◆ **What you are asked to do**: Range to repeat from the listing below: the line containing "и защита окружающей" down to the line containing "Vancavoo Beach Tunic", both included. Copy it exactly, pictures excluded, and add nothing else.

◆ **Data extracts**:
═══
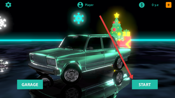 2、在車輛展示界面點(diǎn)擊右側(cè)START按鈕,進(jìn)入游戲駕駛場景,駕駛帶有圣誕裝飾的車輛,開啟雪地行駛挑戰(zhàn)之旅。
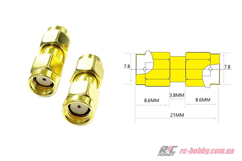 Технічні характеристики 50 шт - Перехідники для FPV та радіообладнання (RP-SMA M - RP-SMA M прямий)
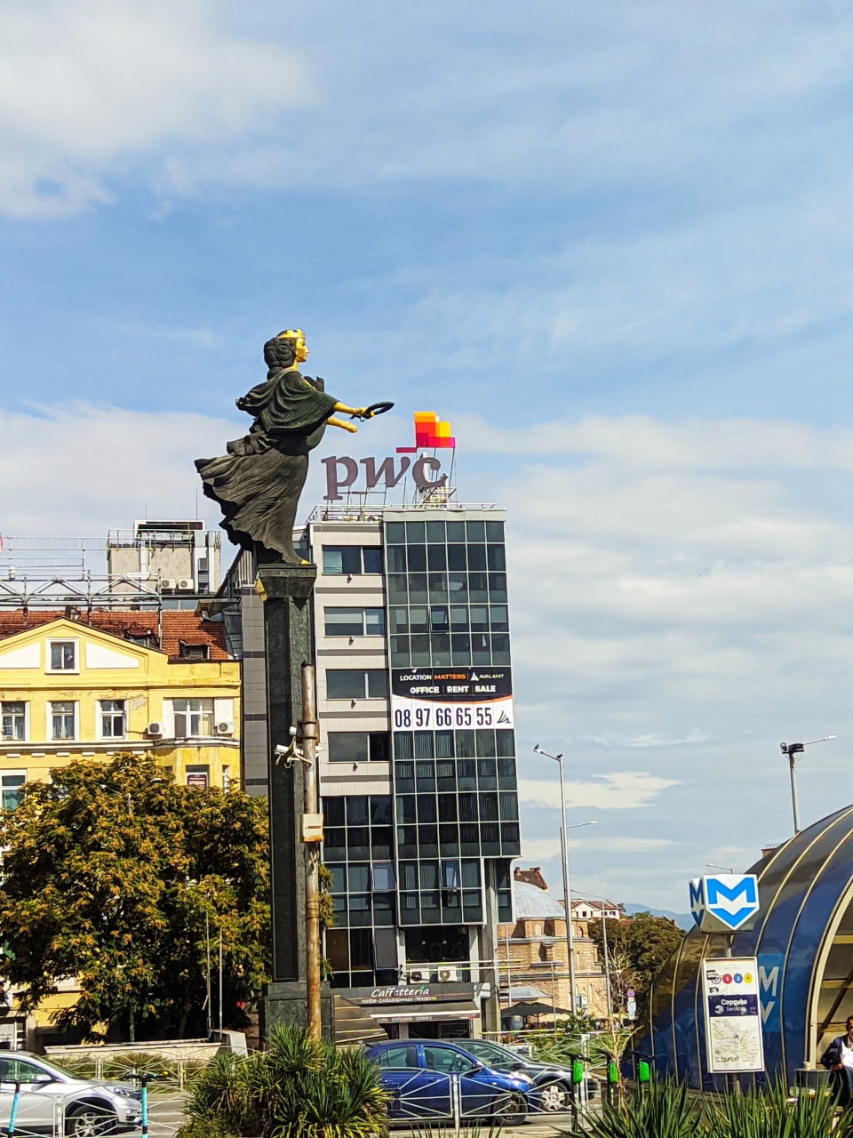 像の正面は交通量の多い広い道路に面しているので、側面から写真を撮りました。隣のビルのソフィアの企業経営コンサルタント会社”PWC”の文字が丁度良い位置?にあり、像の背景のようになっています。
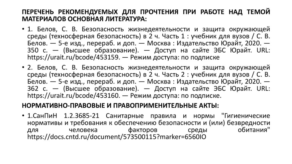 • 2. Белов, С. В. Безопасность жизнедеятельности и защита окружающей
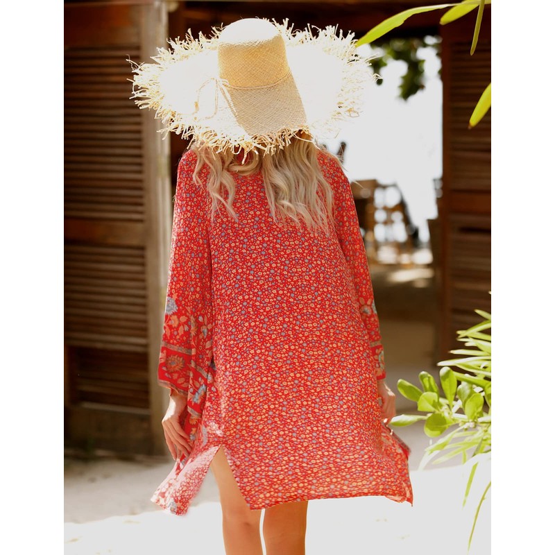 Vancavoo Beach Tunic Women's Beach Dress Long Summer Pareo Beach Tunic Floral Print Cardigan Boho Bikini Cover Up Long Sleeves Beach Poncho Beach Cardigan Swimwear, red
═══
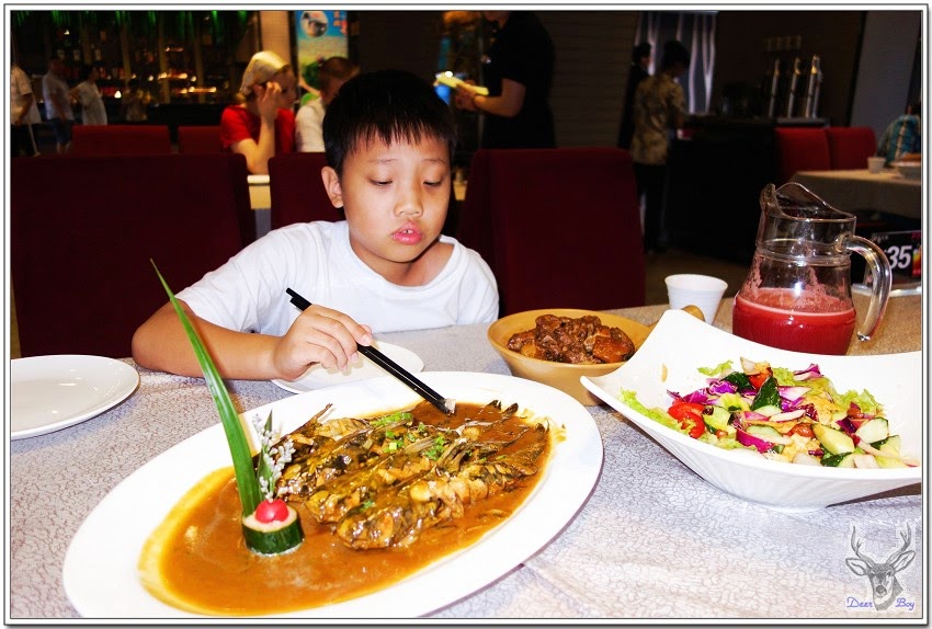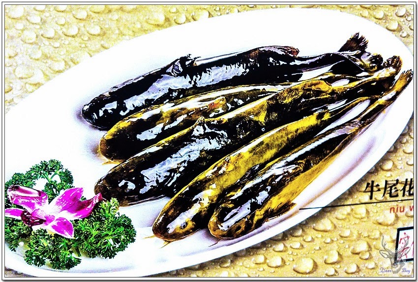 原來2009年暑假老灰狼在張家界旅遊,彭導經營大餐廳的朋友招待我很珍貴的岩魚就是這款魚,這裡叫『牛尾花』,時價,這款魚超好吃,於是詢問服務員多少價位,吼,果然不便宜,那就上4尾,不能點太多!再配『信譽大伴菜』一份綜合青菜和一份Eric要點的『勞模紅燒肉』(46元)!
═══
◆ **Finished task**:
 • 2. Белов, С. В. Безопасность жизнедеятельности и защита окружающей
 Vancavoo Beach Tunic Women's Beach Dress Long Summer Pareo Beach Tunic Floral Print Cardigan Boho Bikini Cover Up Long Sleeves Beach Poncho Beach Cardigan Swimwear, red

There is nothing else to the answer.